In late 2009, Defense Secretary Gates reprised the phony conventional wisdom, telling reporters: “We will not repeat the mistakes of 1989, when we abandoned the country only to see it descend into civil war and into Taliban hands.”
Yet, Gates knew the real history since he was deputy national security adviser in 1989 when the key decisions were made to continue covert U.S. aid, not cut it off. Still, the fictional version from the movie, “Charlie Wilson’s War,” apparently proved too tempting to Gates as an excuse for an open-ended occupation of Afghanistan.
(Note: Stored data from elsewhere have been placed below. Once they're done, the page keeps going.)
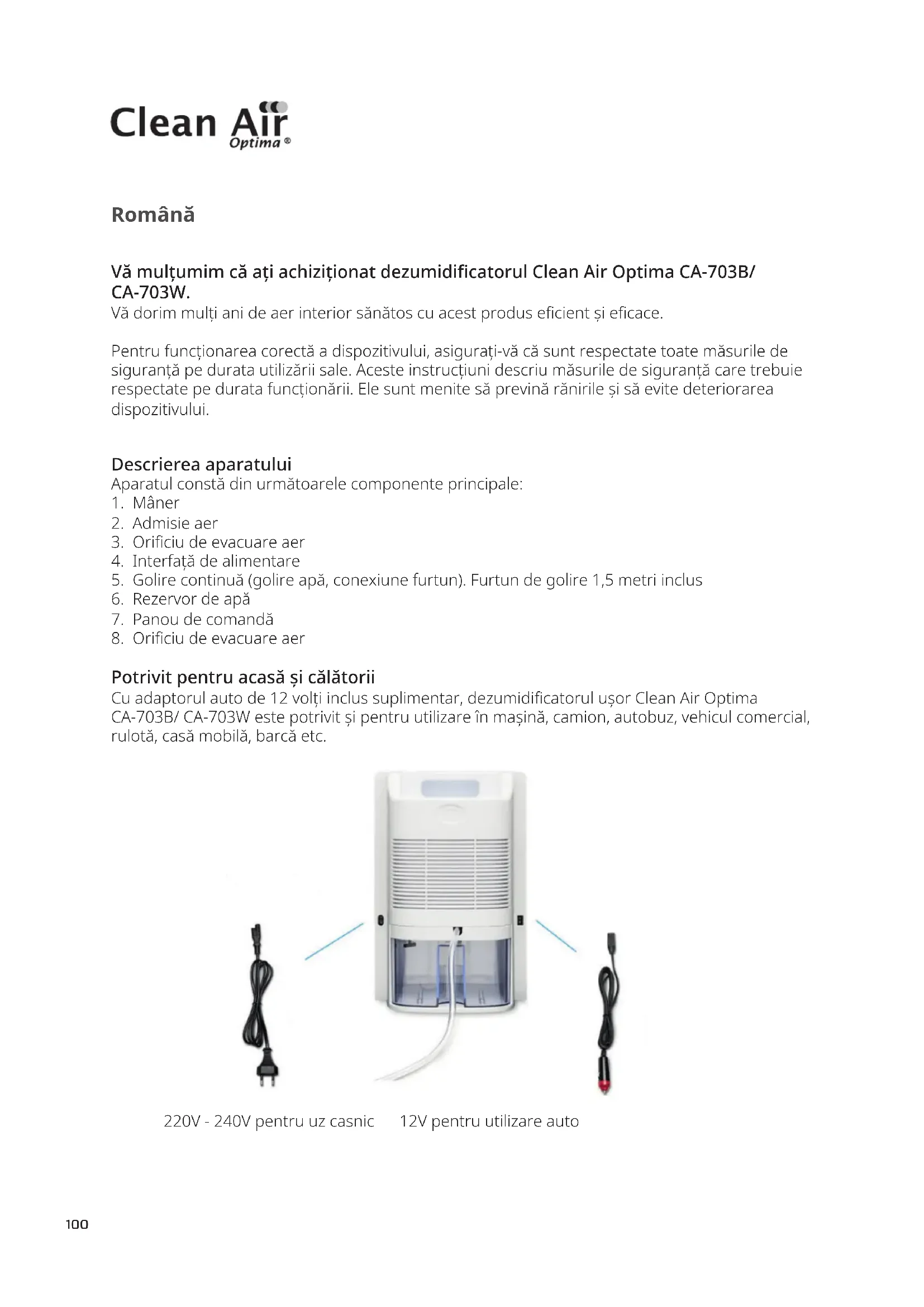 Potrivit pentru acasă și călătorii Cu adaptorul auto de 12 volți inclus suplimentar, dezumidicatorul ușor Clean Air Optima CA-703B/ CA-703W este potrivit și pentru utilizare în mașină, camion, autobuz, vehicul comercial, rulotă, casă mobilă, barcă etc. 220V - 240V pentru uz casnic 12V pentru utilizare auto101 Avertismente privind siguranța Acest dispozitiv poate utilizat numai în conformitate cu aceste instrucțiuni de siguranță. Luațiurmătoarele măsuri pentru a reduce riscul de vătămare corporală provocată, de exemplu, de șocuri electrice sau incendiu.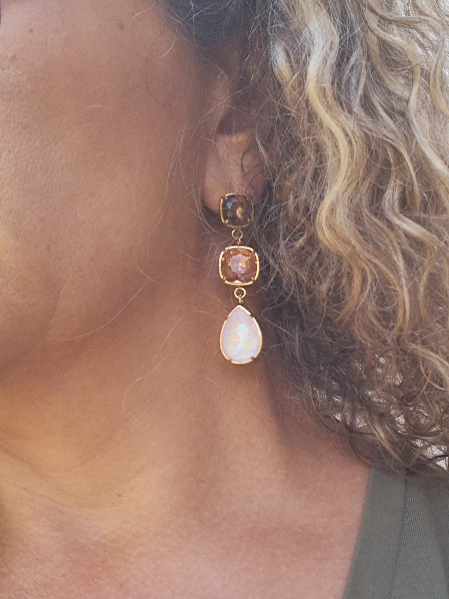 Boucles d'oreilles pendantes en acier inoxydable composées de 3 cristaux, 2 carrés et une goutte.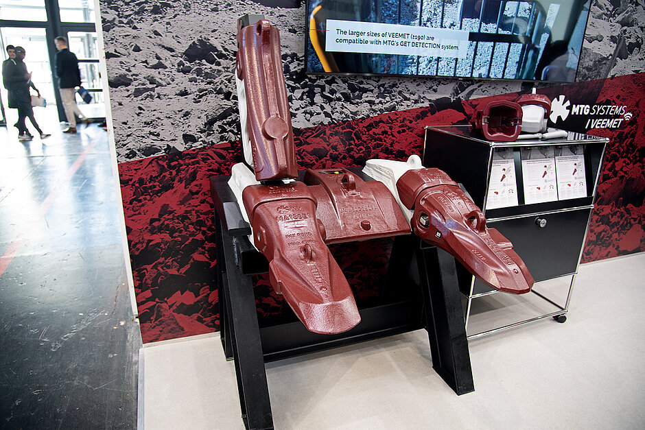 Beide neuen Systeme sollen besonders einfach und schnell montiert bzw. demontiert werden können. Neben den Zahnsystemen stellte MTG an seinem Messestand in München zudem ein eigens entwickeltes, digitales Überwachungssystem vor: Die »GET DETECTION« genannte Entwicklung soll in kürzester Zeit erkennen, wenn sich ein Verschleißteil (GET – Ground Engaging Tool) gelöst hat bzw. verloren wurde.

In the movie, Tom Hanks played the late Rep. Charlie Wilson, D-Texas, who was a key figure in financing the mujahedeen war against the Soviets in the 1980s. In one scene after the Soviet withdrawal on Feb. 15, 1989 Hanks begs a congressional committee for additional money but gets turned down.
The truth, however, is that the end game in Afghanistan surrounding the Soviet departure was messed up not because the United States cut the mujahedeen off but because Washington pressed for a clear-cut victory, rebuffing peaceful options.
And we know that Gates knows this reality because he recounted it in his 1996 memoir, From the Shadows.
The Real History
Here’s what that history actually shows: In 1988, Soviet President Mikhail Gorbachev promised to remove Soviet troops from Afghanistan and sought a negotiated settlement. He hoped for a unity government that would include elements of Najibullah’s Soviet-backed regime in Kabul and the CIA-backed Islamic fundamentalist rebels.
Gates, who was then deputy CIA director, opposed Gorbachev’s plan, disbelieving that the Soviets would really depart and insisting that if they did the CIA’s mujahedeen could quickly defeat Najibullah’s army.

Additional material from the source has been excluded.